Driven by stabilised performance of the recently commissioned overseas units and an overall improvement in operational efficiencies across all businesses, SRF, a multi-business entity engaged in the manufacture of chemical based industrial intermediates, at a consolidated level recorded a 22 percent increase in net profit after tax (PAT) from Rs. 93 crore to Rs. 113 crore during the first quarter ended June 30, 2015 over the corresponding period last year (CPLY).
After eliminating last year's one-time other income of Rs. 26 crore, the increase in PAT for the first quarter of the current financial year amounts to 69 percent over CPLY. Net sales of SRF consolidated during the first quarter of 2015-16 increased by five percent to Rs. 1207 crore as against Rs. 1147 crore recorded during CPLY.
The standalone PAT of the company grew by 6% from Rs. 99 crore to Rs. 106 crore during the same period. As explained above, after adjustment for the one-time other income of CPLY, the standalone PAT of the company during April-June 2015 increased by 44 percent over the same quarter last year. The standalone figure for net sales increased marginally from Rs. 936 crore to Rs. 952 crore during the period. The financial results of SRF were approved by the SRF Board in a recent meeting.
The packaging films business reported a significant increase in its operating profit from Rs. 14 crore to Rs. 60 crore on increased segment revenue from Rs. 301 crore to Rs. 353 crore during the first quarter of 2015-16.
The chemicals and polymers business reported a 19 percent increase in its segment revenue from Rs. 321 crore to Rs. 380 crore during the first three months of 2015-16 over CPLY.
Operating profit of the chemicals and polymers business, which includes a one-time depreciation increase of Rs. 4.30 crore due to change in estimated life of certain assets, also grew by 22 percent from Rs. 77 crore to Rs. 94 crore during the period.

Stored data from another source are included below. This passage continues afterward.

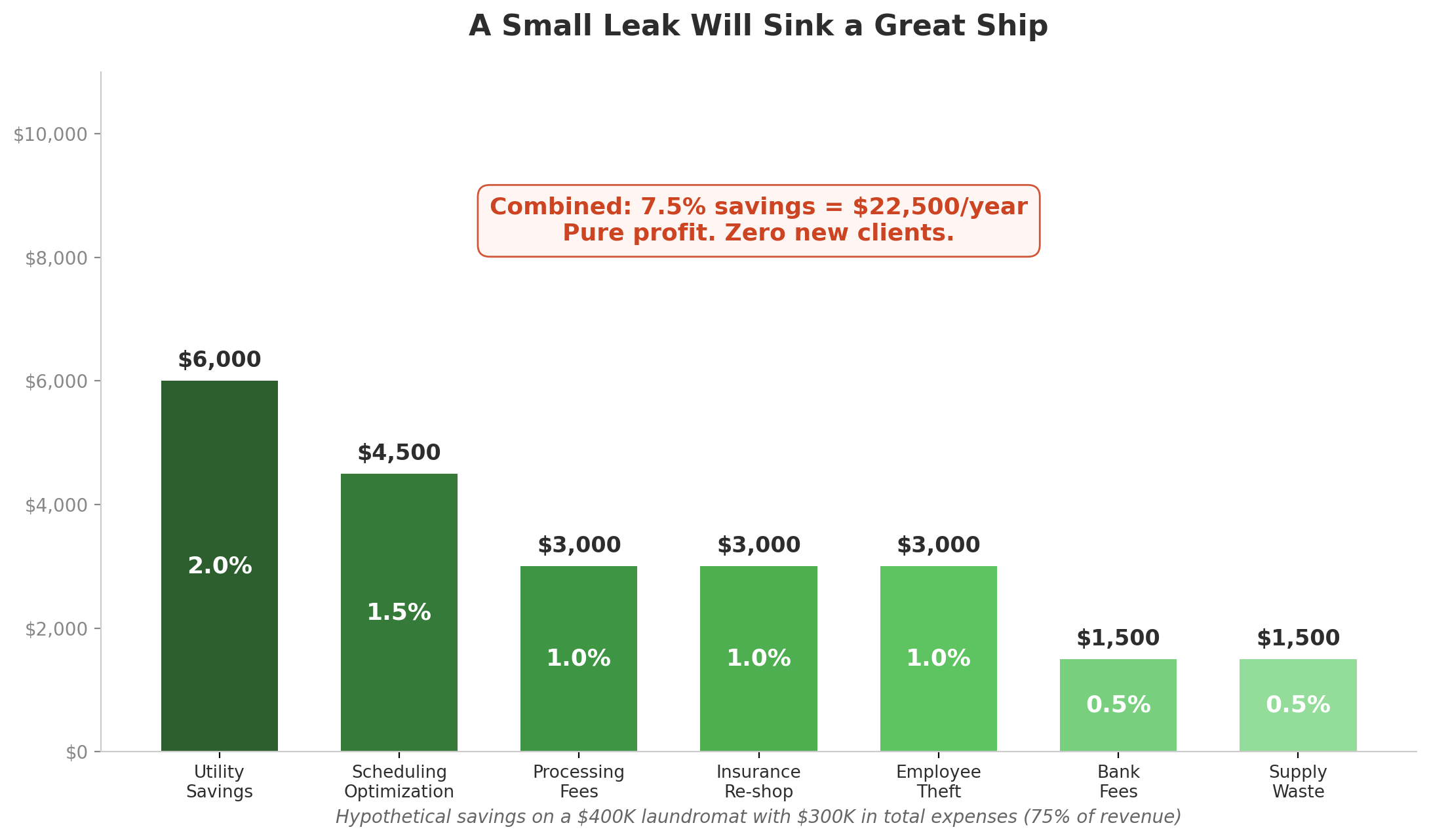 Utility savings at 2%. Scheduling optimization at 1.5%. Processing fees, insurance, and employee theft each at 1%. Bank fees and supply waste each at 0.5%. Individually, none of these numbers are aggressive. Combined, they represent 7.5% in total savings — roughly $22,500 a year that goes straight to the bottom line.
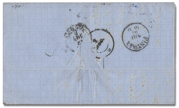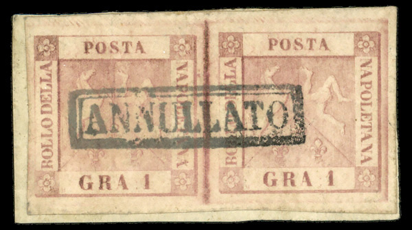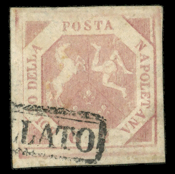 6047 cover 2, 4, 6 image1858, Arms, 1g pale lake, 5g brown lake & 20g rose lake (Scott 2, 4, 6), tied by boxed ANNULLATO handstamp on a folded cover from Naples, via France to London, England, in Nov 1858; all appropriate markings; somewhat stained/soiled, otherwise Fine to Very Fine. Scott prices just the 20g on cover at $2.900., with a 2024 P.F. certificate.
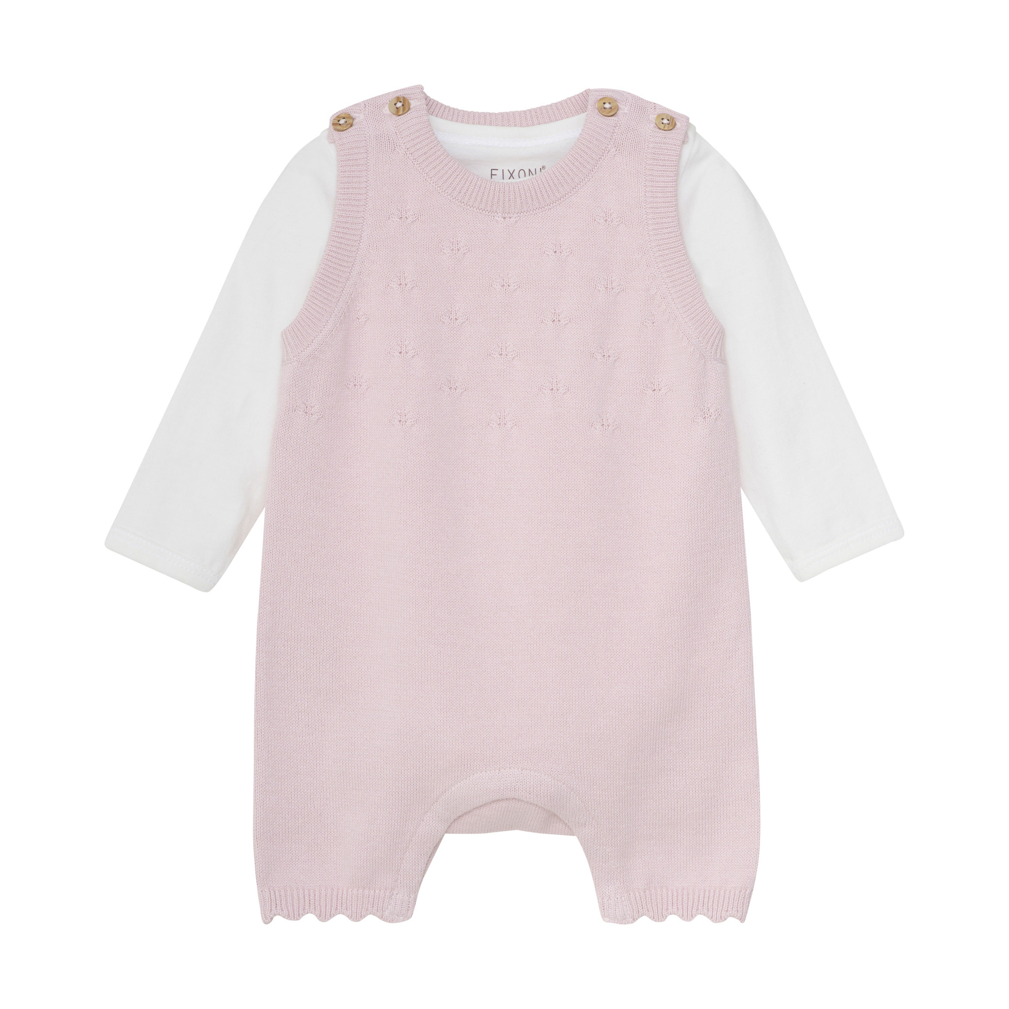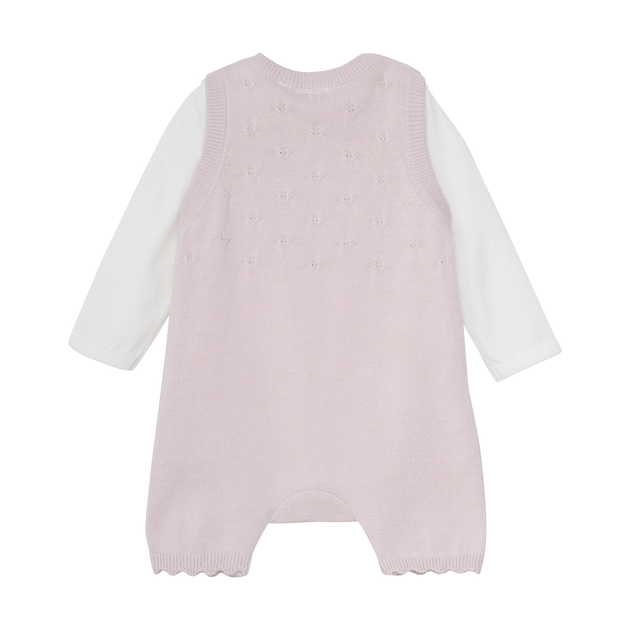 • 2-piece set including a pink romper with crotch snaps and an ivory body suit.
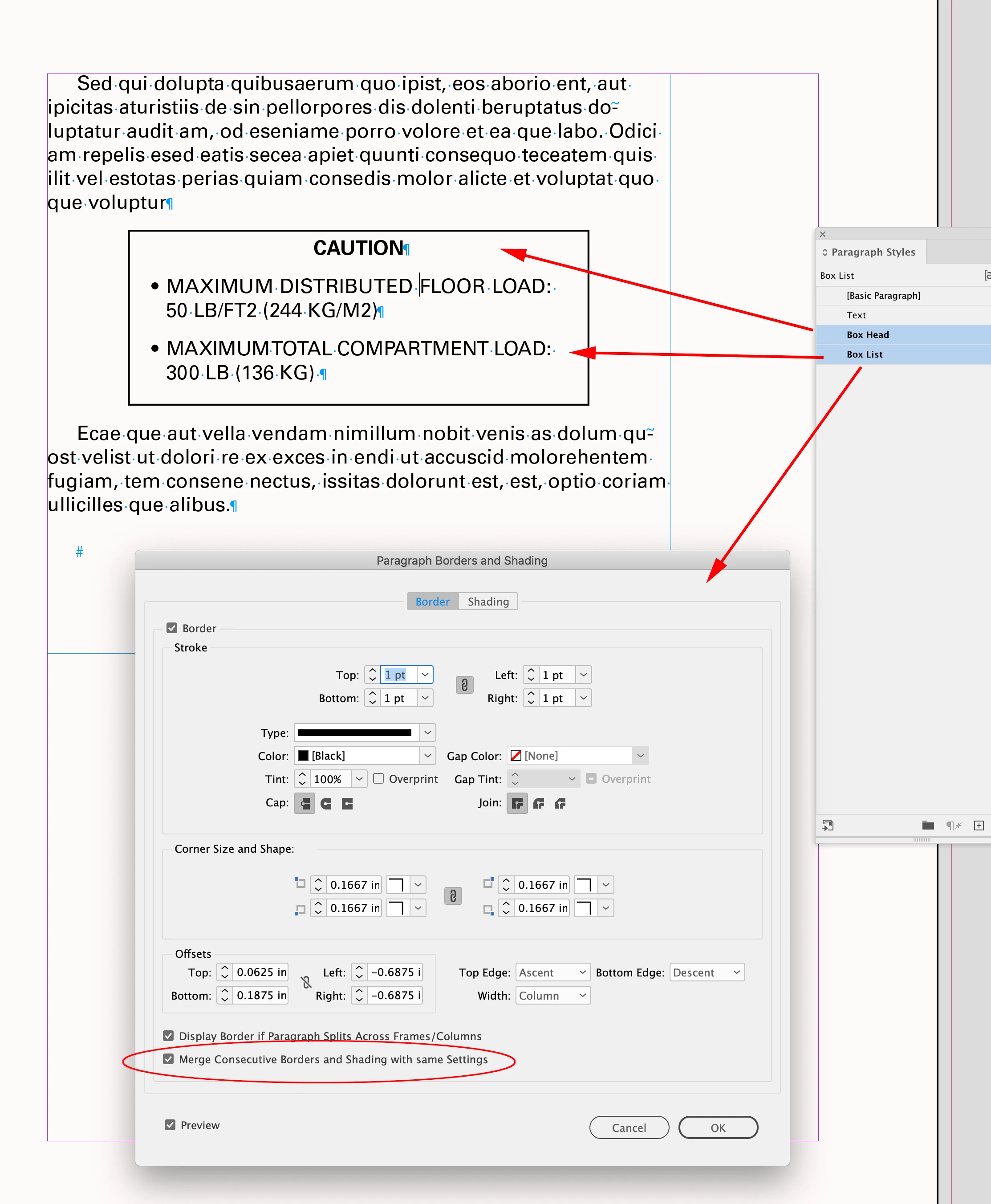 It gets tricky, but the boxed text can be narrower—I’ve attached a sample .IDML with Paragraph Styles for the boxed head and list. Note, to merge the head and list paragraphs they have to have the same Borders and Shading settings, which is the case in this example.
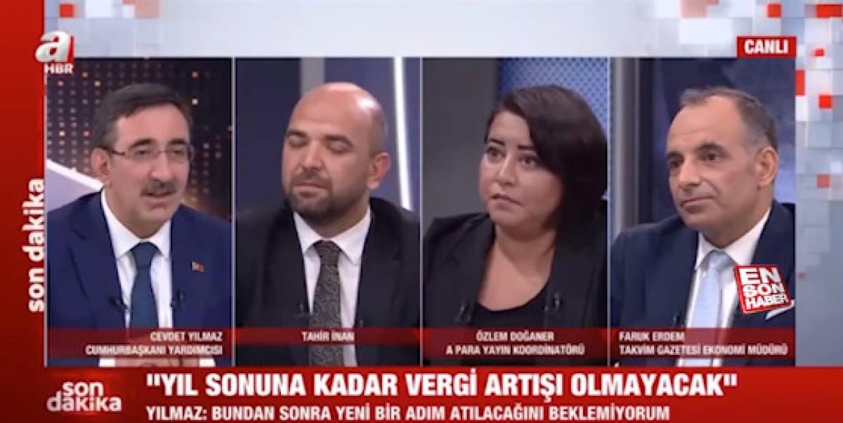 Cumhurbaşkanı Yardımcısı Cevdet Yılmaz, A Haber televizyonunda katıldığı "son dakika" programında gündemi değerlendirerek Tahir İnan, Özlem Doğaner ve Faruk Erdem'in sorularını yanıtladı.
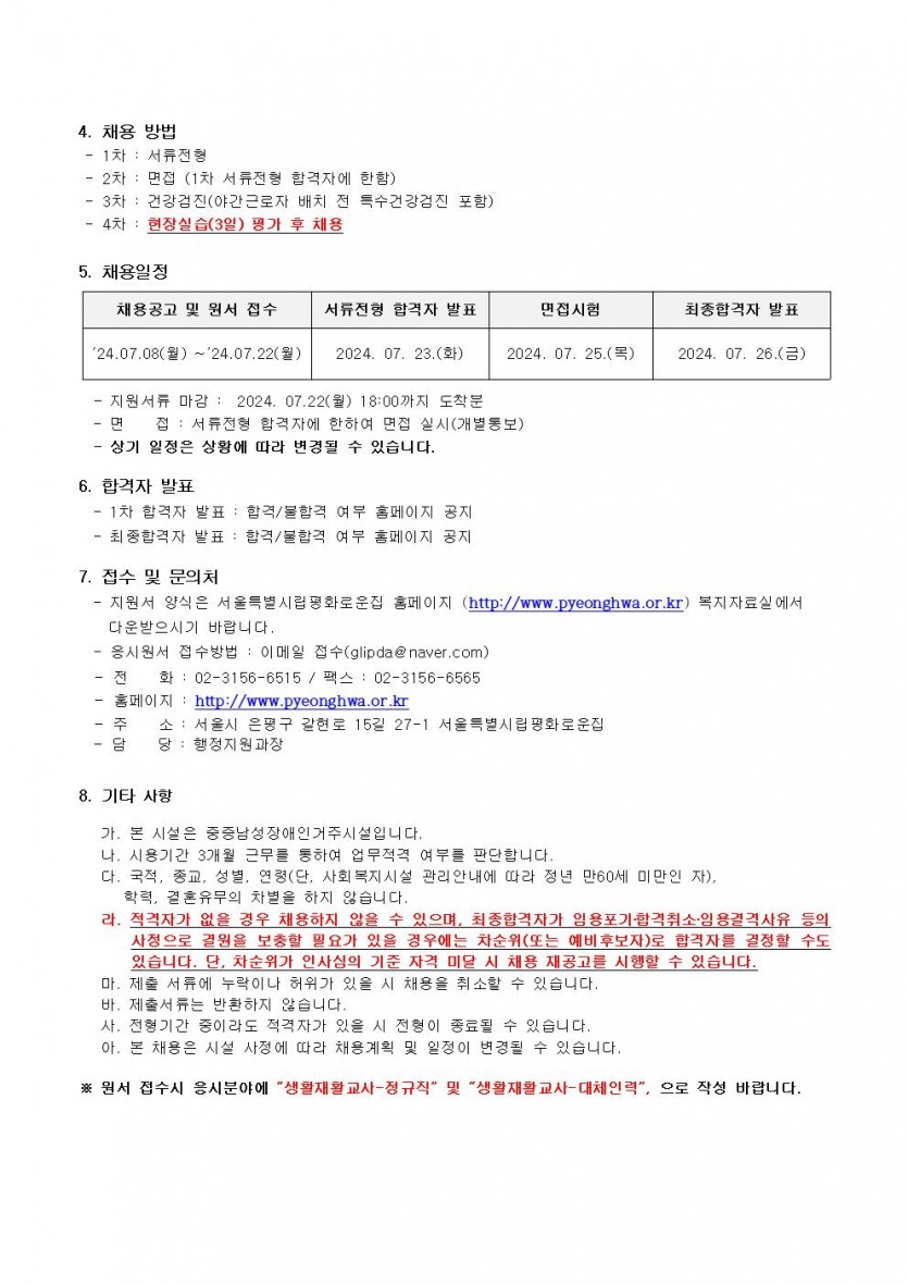 평화로운집 7차 종사자채용 공고 페이지 정보 작성자 한동주 작성일 24-07-08 13:33 조회 18,421회 댓글 0건 첨부파일 파일 2024년-생활지도원-7월.hwp (36.5K) 160회 다운로드 DATE : 2024-07-08 13:33:49 파일 시립평화로운집 입사지원서이력서,자기소개서및개인정보동의서.hwp (22.5K) 124회 다운로드 DATE : 2024-07-08 13:33:49 본문 이전글 다음글 목록 답변
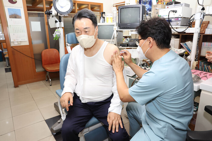 | ▲사진은 28일 구복규 화순군수가 코로나19 4차 백신 접종을 하는 모습(사진=화순군) |

The technical textiles business recorded a decline of eight percent in its segment revenue from Rs. 537 crore to Rs. 493 crore during the period, its operating profit increased by 33 percent from Rs. 42 crore to Rs. 56 crore.
The board also approved three separate capex proposals aggregating Rs. 394 crore - one for setting up a new greenfield packaging film line in the domestic tariff area at a new location near the company's Indore plant in SEZ at an estimated cost of Rs. 356 crore; two for setting up a R-134a pharma grade manufacturing and filling facility meeting cGMP requirements at the existing chemical complex at Dahej at an estimated cost of Rs. 26 crore; and three for converting the HFC 134a plant at Bhiwadi into a swing plant at an estimated cost of Rs. 12 crore to produce both HFC 134a and HFC 32.
The SRF Board also approved an interim dividend at the rate of 50% per cent amounting to Rs. 5 per share.
Established in 1970, SRF as a group has today grown into a global entity with operations in three countries. Apart from technical textiles business, in which it enjoys a global leadership position, SRF is a domestic leader in refrigerants, engineering plastics and industrial yarns as well.
The company also enjoys a significant presence among the key domestic manufacturers of polyester films and specialty chemicals.